__Description of the task__: Set the data down again, exactly as it reads, but without the pictures.

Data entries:
Start of Block

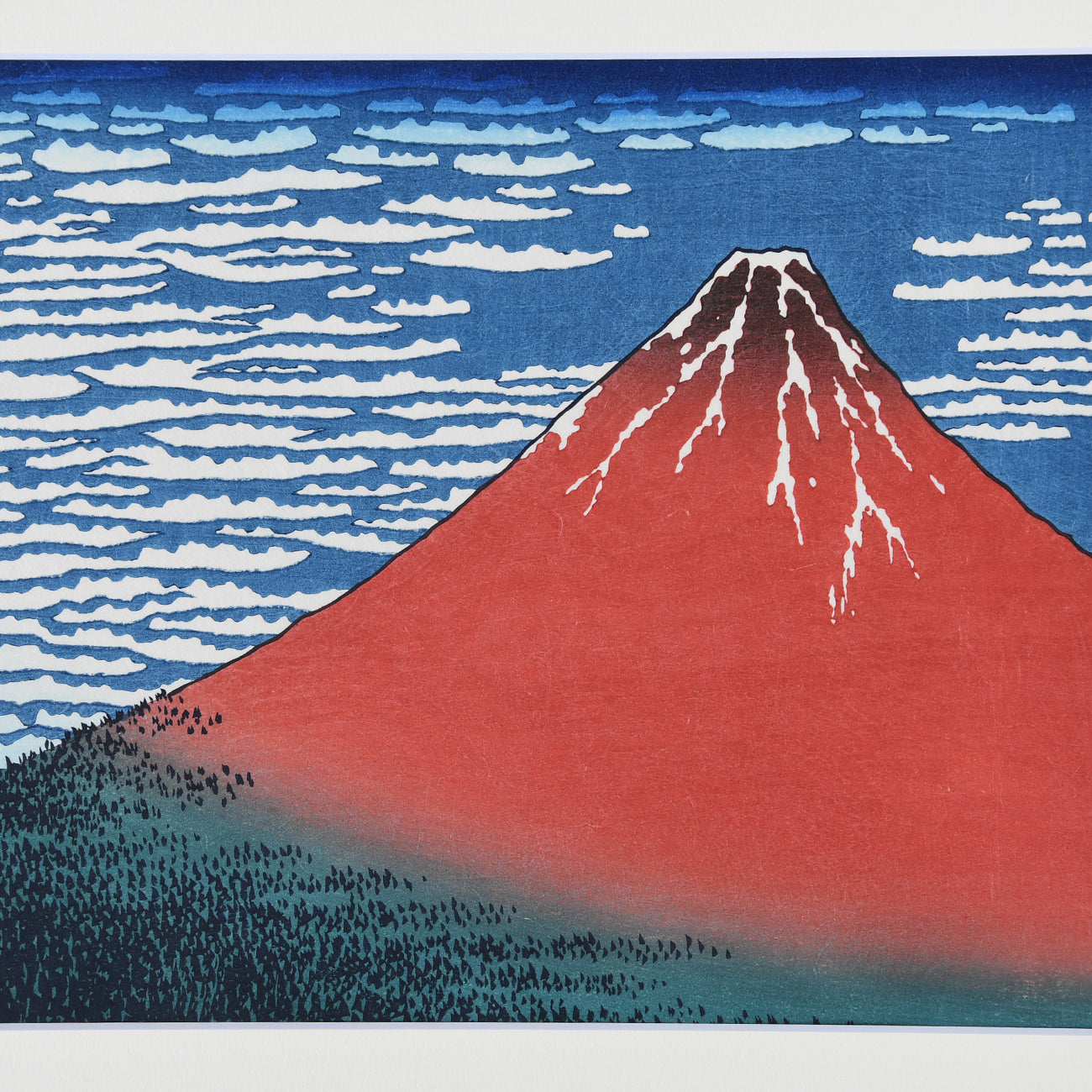 He also studied techniques from both Chinese and Western painting, incorporating shading and perspective into his landscapes. These innovations culminated in his masterpiece series Thirty-six Views of Mount Fuji, which includes the renowned "South Wind, Clear Sky"—also known as the "Red Fuji."
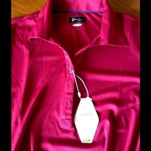 Brand new with tags. From Greg Norman Collection with Play Dry technology. Raspberry color with teal blue trim, 2 side pockets, size medium.
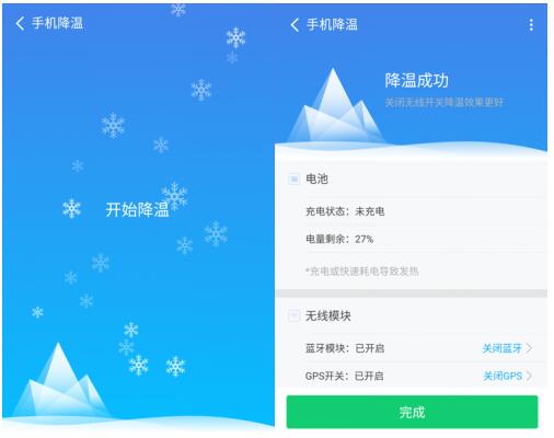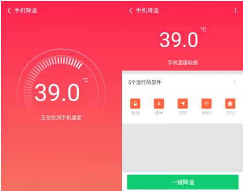 点击360手机卫士的“手机降温”功能后,软件首先会检测当前的手机温度,随后给出导致当前手机温度过高的部件,点击底部的一键降温按钮后,软件会自动完成清理前、后台程序、调整系统载荷等一系列操作,同时用户还可以在降温后的界面上手动关闭蓝牙、GPS、WiFi等硬件功能,进一步加速手机降温。
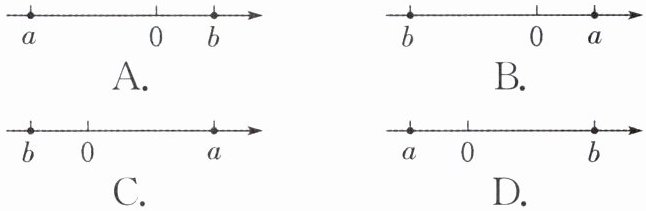 9. 如果a,b是有理数,且$|a|= -a$,$|b|= b$,$|a|>|b|$,那么用数轴上的点来表示a,b,正确的是 (
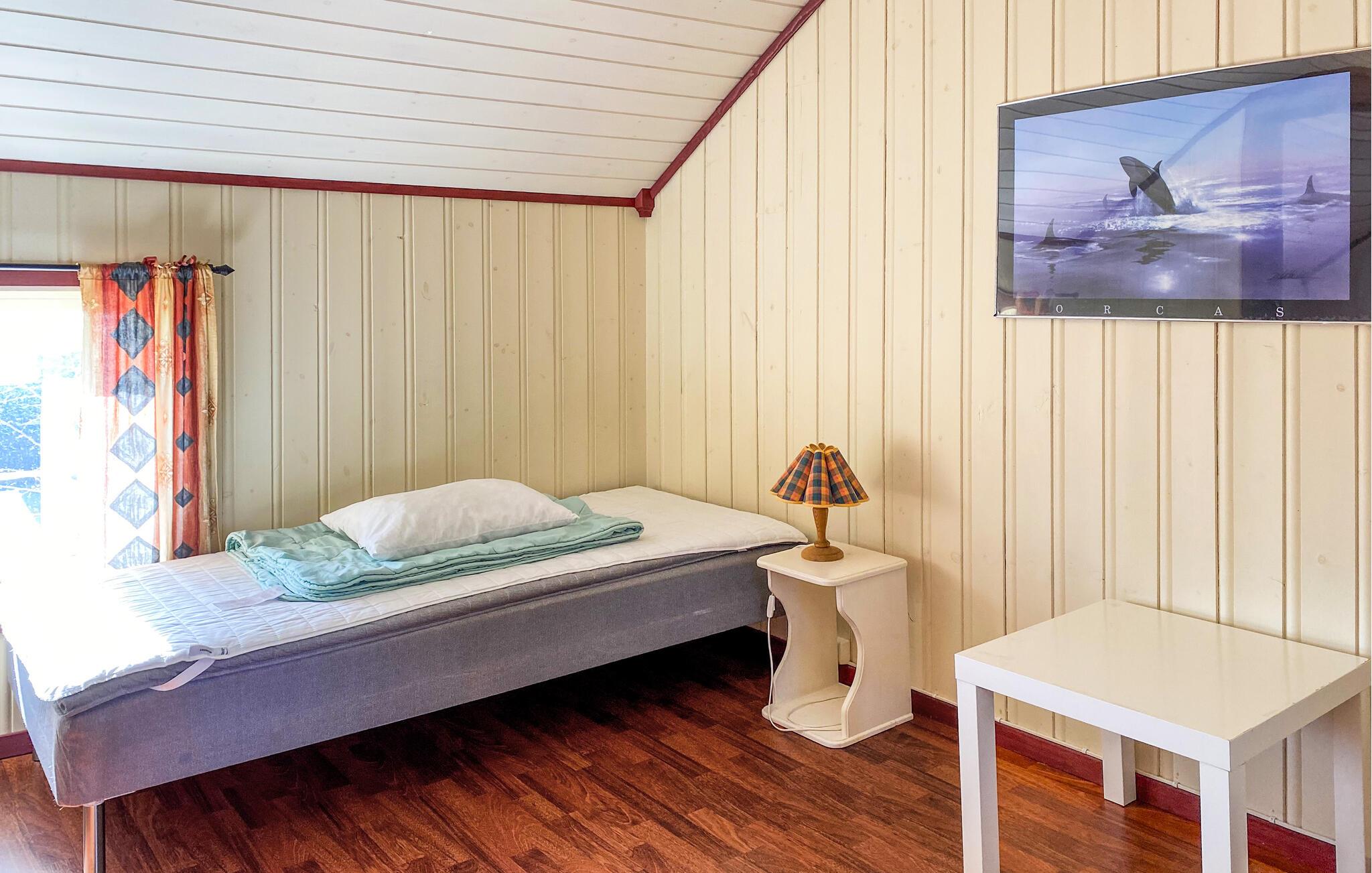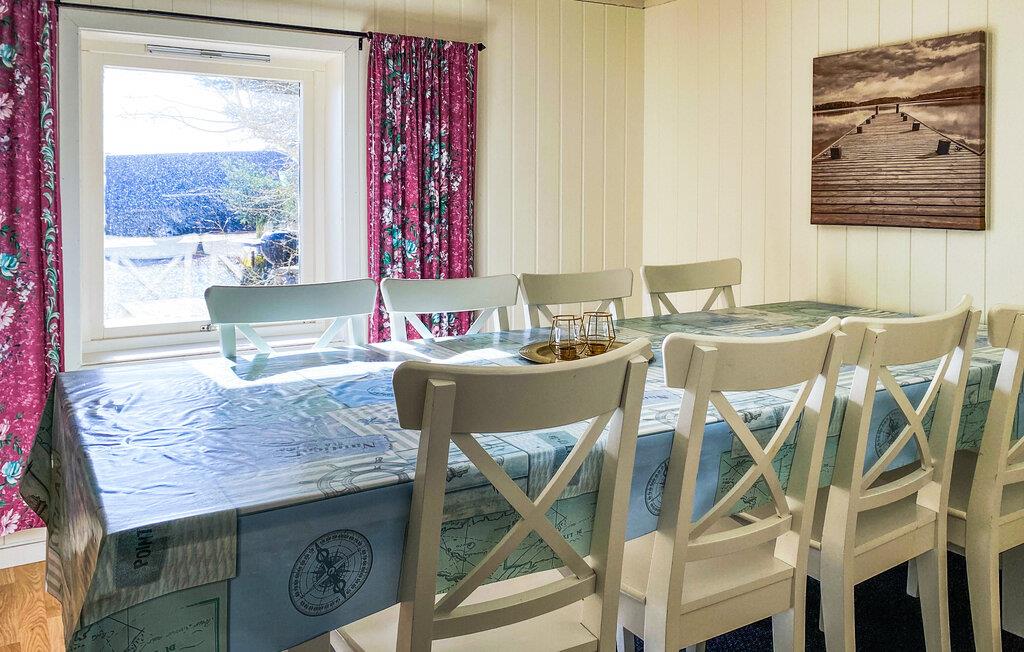 Med en fantastisk beliggenhet ved sjøen, ønsker det innbydende og romslige huset deg velkommen med en flott utsikt fra de lyse rommene og gir deg en koselig ramme for ferien din, der du kan forfriske deg i sjøen når som helst og fiske hele året rundt. Etter en begivenhetsrik dag kan du sette deg godt til rette i den koselige atmosfæren, spise middag sammen med vakker utsikt og tilbringe hyggelige kvelder ved den knitrende peisen.

End of Block

__Response box__:
 He also studied techniques from both Chinese and Western painting, incorporating shading and perspective into his landscapes. These innovations culminated in his masterpiece series Thirty-six Views of Mount Fuji, which includes the renowned "South Wind, Clear Sky"—also known as the "Red Fuji."
 Brand new with tags. From Greg Norman Collection with Play Dry technology. Raspberry color with teal blue trim, 2 side pockets, size medium.
 点击360手机卫士的“手机降温”功能后,软件首先会检测当前的手机温度,随后给出导致当前手机温度过高的部件,点击底部的一键降温按钮后,软件会自动完成清理前、后台程序、调整系统载荷等一系列操作,同时用户还可以在降温后的界面上手动关闭蓝牙、GPS、WiFi等硬件功能,进一步加速手机降温。
 9. 如果a,b是有理数,且$|a|= -a$,$|b|= b$,$|a|>|b|$,那么用数轴上的点来表示a,b,正确的是 (
 Med en fantastisk beliggenhet ved sjøen, ønsker det innbydende og romslige huset deg velkommen med en flott utsikt fra de lyse rommene og gir deg en koselig ramme for ferien din, der du kan forfriske deg i sjøen når som helst og fiske hele året rundt. Etter en begivenhetsrik dag kan du sette deg godt til rette i den koselige atmosfæren, spise middag sammen med vakker utsikt og tilbringe hyggelige kvelder ved den knitrende peisen.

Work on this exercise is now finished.